There is only one way the star point triangles will work on your background triangle! Start by folding the left hand star point down on top of the background triangle. See how they line up so nice? Continually feed these through the machine until you have all the left hand triangles sewn on. Clip between them and press towards the star point.
Now you can add the right sided triangle to the remaining side of the star point unit. Trim between the units and press towards the star points! Look at the pile of them!

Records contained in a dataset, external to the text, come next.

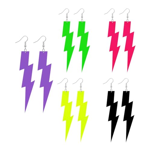 Set med 5 par färgglada neonörhängen, personliga smycken, 80-talsstil, retro, lämplig för temafester, halloween, karneval
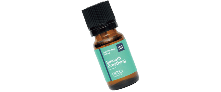レモンやユーカリナローリーフなどのオーガニック精油をブレンド。「深呼吸したくなるような香り」アロマティークオーガニクス スムースブリージング ブレンドオイル 10mL ¥3,245(Blue ink)
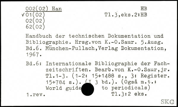 Handbuch der technischen Dokumentation und Bibliographie. Hrsg.von K.-O.Saur. 5.Ausg.
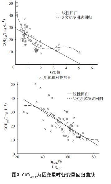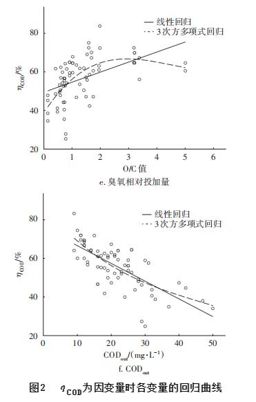 首先把35次試驗中每次試驗的二次取樣測定結(jié)果作為70例“個案”,變量包括CODin、HRT、GO3、LO3、O/C;因變量包括去除率ηCOD和出水濃度CODout。當(dāng)然,這些變量中有的不是獨(dú)立變量,有的對試驗結(jié)果影響不大。首先,以ηCOD為因變量,對上述6個因素進(jìn)行回歸分析,結(jié)果如圖2所示。
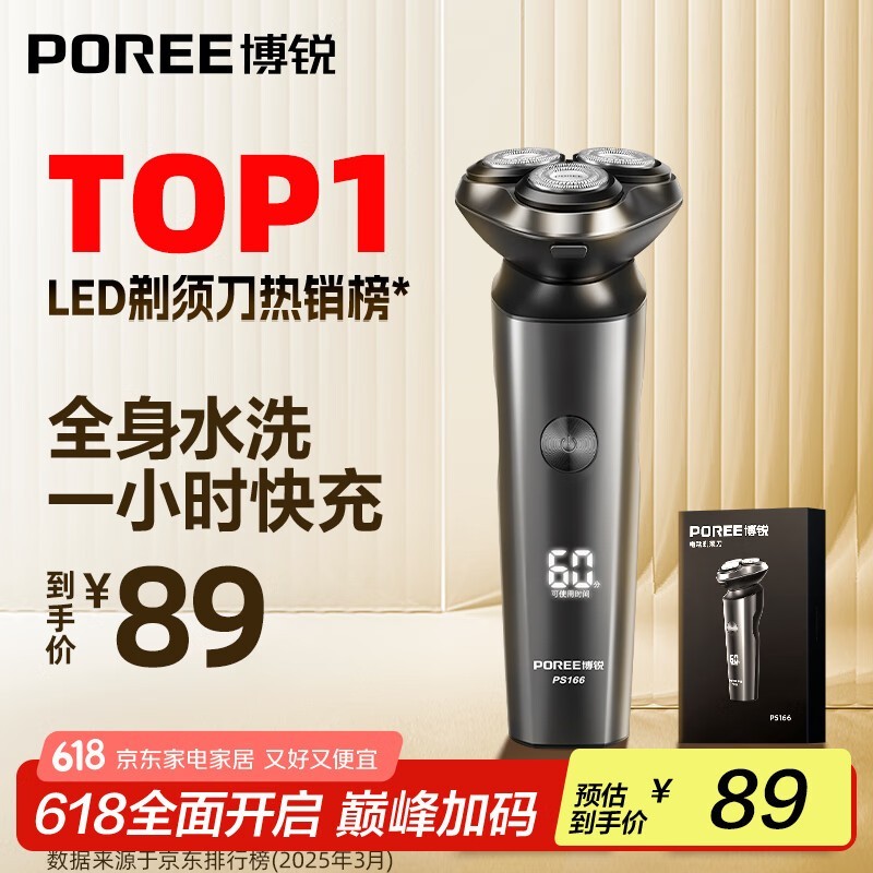 博锐PS166电动剃须刀炫酷黑限时特惠

Once you lay your units out like this, assembly is as simple as sewing a 9 patch together. Sew the units into rows, and sew the rows together to complete 36 star blocks. Be SURE all the chains are going in the right direction, the same direction they went in the Jacob's Ladder blocks!
Here they are, all laid out on the floor of my den! Setting Triangles: For the large triangles, cut five 14" squares. Cut the squares from corner to corner with an X to yield setting triangles with the straight of grain on the LONG edge of the triangle. This will minimize edge flaring. For the 4 corner triangles cut two 7 1/4" squares. Cut once from corner to corner to yield 4 corner triangles.
When assembling a quilt on the diagonal, you will start at one corner, working in increasing rows across the diagonal of the quilt. I like to sew the rows to each other as they are assembled because it keeps the pieces in order for me (less messing up on the floor) and I can't wait to see progress by this time! I generally sew the quilt top in two diagonal halves, and then sew the two halves together to complete the top. This keeps the quilt sections from being too unwieldy as you are working towards that opposite corner. I added a 2" cut red inner border to the quilt center, and then framed the quilt with a 5" cut blue outer border to finish the top.